Unions Sue Over OSHA Delay on Protective Clothing... January 5, 2007
IBEW Safety Caucus Meets... July 23, 2007
Employers Must Pay for Protective Equipment, OSHA Says
December 2, 2007
The Occupational Safety and Health Administration has ruled that employers must pay for personal protective equipment, finally clarifying a 12-year-old law that said employers must provide such equipment.
Published on Nov. 15, the rule affects occupational safety and health standards in virtually every branch of the IBEW, including construction, utilities, broadcasting, manufacturing and telecommunications, as well as shipyard employment, marine terminals, general industry and longshoring. It will go into effect Feb. 15, and must be implemented within six months.
“This is a long time coming,” said IBEW Safety Department Director Jim Tomaseski.

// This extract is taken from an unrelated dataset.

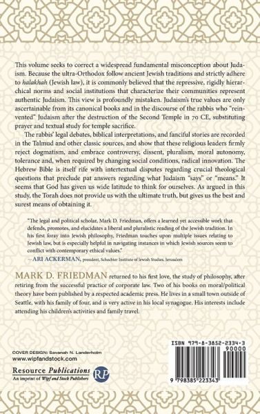This volume seeks to correct a widespread fundamental misconception about Judaism. Because the ultra-Orthodox follow ancient Jewish traditions and strictly adhere to halakhah (Jewish law), it is commonly believed that the repressive, rigidly hierarchical norms and social institutions that characterize their communities represent authentic Judaism. This view is profoundly mistaken. Judaism's true values are only ascertainable from its canonical books and in the discourse of the rabbis who "reinvented" Judaism after the destruction of the Second Temple in 70 CE, substituting prayer and textual study for temple sacrifice. The rabbis' legal debates, biblical interpretations, and fanciful stories are recorded in the Talmud and other classic sources, and show that these religious leaders firmly reject dogmatism, and embrace controversy, dissent, pluralism, moral autonomy, tolerance and, when required by changing social conditions, radical innovation. The Hebrew Bible is itself rife with intertextual disputes regarding crucial theological questions that preclude pat answers regarding what Judaism "says" or "means." It seems that God has given us wide latitude to think for ourselves. As argued in this study, the Torah does not provide us with the ultimate truth, but gives us the best and surest means of obtaining it.
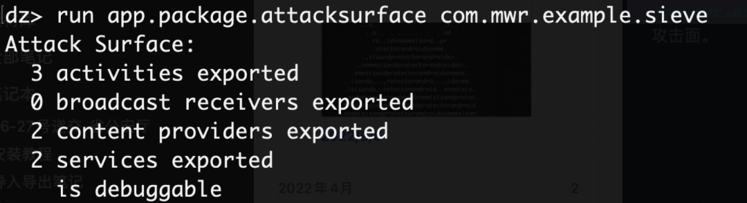 执行run app.package.attacksurface com.mwr.example.sieve命令,来获取针对待测app sieve的攻击面。activities exported 越权攻击,发送伪造消息等;broadcast receivers exported 发送恶意广播,伪造广播消息,越权攻击等;content providers exported 数据泄漏,SQL注入等;services exported 越权攻击,服务拒绝,权限提升等;

Some labor groups are disappointed that the rule doesn’t go far enough to cover prescription eyewear and steel-toe boots, which OSHA decided were “personal in nature.”
Employers will now have to pay for work gloves, for instance. Until now, about half of employers did so, Tomaseski said. Fall protection equipment, including pole climbing equipment, is specifically mentioned in the rule as equipment that shall be purchased by the employer.
The National Electrical Contractors Association argued that OSHA should exclude items that fall under National Fire Protection Agency 70E voluntary standard for flame resistant clothing. OSHA decided that protective clothing is not yet required under its standards, but it would be covered under this rule if it were.
In cases where collective bargaining agreements contain provisions that some protective equipment will be paid by the employee, OSHA is allowing a six-month compliance deadline for those issues to be corrected.
When equipment is shared and chances for disease transmission increase, the rule says it must be sanitized before being passed along to another employee. Also, because an employee could expose family members to hazardous substances when taking home contaminated protective equipment, the employer must take every effort to limit the spread of chemical contaminants.
Certain types of everyday work clothing and weather-related clothing are also exceptions.